La distribution Ubuntu est de fait une collection de logiciels, parmi lesquels une grande part répond à la définition de logiciel libre. Mais elle inclut et facilite également le recours à des éléments logiciels non-libres, notamment :
- Des blobs binaires (« micrologiciels » : séquences d’instructions pré-compilées) peuvent être inclus directement dans le noyau Linux. Ceux-ci concernent généralement la prise en charge de périphériques matériels (comme les cartes vidéo). Ces éléments logiciels ne sont ni libres, ni même open source dans certains cas (le code source n’est pas disponible).
- Différents codecs (bibliothèques d’encodage/décodage de médias numériques) propriétaires peuvent également être facilement installés. Dans certains cas, si le code source de ces codecs est effectivement ouvert, il est soit lié à des licences d’utilisation propriétaires restrictives, soit leur utilisation peut carrément être une violation explicite de brevets commerciaux.

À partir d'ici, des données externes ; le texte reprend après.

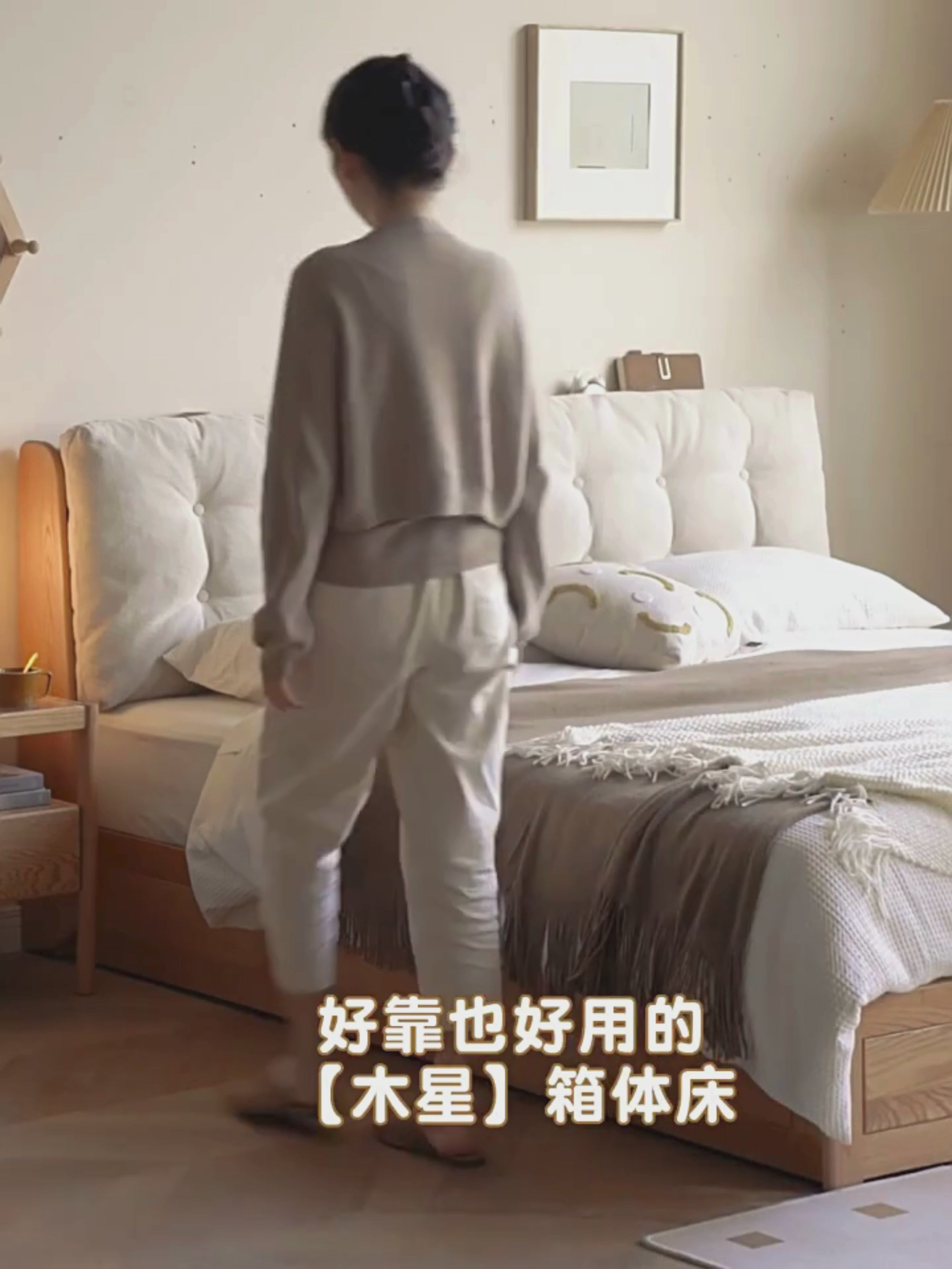 A solid wood bed that sleeps well and can be installed~ The head of the bed is full and big, and the back feels Q elastic and comfortable With the large storage box under the bed, the storage space has become larger, which is really nice!

- Ubuntu facilite l’installation d’autres logiciels propriétaires dont la licence n’est pas strictement libre.
Pourquoi ça importe ?
En décrivant le Forum Ubuntu en français de Québec Web carrément avec « Ubuntu est un système d’exploitation entièrement libre », je reproduisais sans m’en douter une confusion assez commune concernant ce qu’est le logiciel libre — au sens strict du terme. Concernant la différence entre logiciel libre et open source et pourquoi cela est important, référons-nous à l’excellent article du fondateur de la Free Software Foundation, Richard Stallman : En quoi l’open source perd de vue l’éthique du logiciel libre.
Un dangereux compromis
Je poursuis la description du forum Ubuntu avec ceci : « Cette distribution de Linux basée sur Debian vise à rendre Linux accessible au commun des mortels. » Ça me semble assez exact. Mais pourquoi Ubuntu (comme Debian) permet-il l’utilisation de composants logiciels non-libres ?
Au plan individuel ou institutionnel, il s’agit d’un compromis qui peut faciliter la prise en charge de certains matériels ou de certains codecs. Au premier abord, cela est simplement plus commode. Autoriser les logiciels non-libres au sein d’une distribution peut constituer un argument pour faciliter la transition d’un système d’exploitation propriétaire à un système d’exploitation libre, par exemple, et avoir tout compte fait un impact positif sur l’adoption du libre.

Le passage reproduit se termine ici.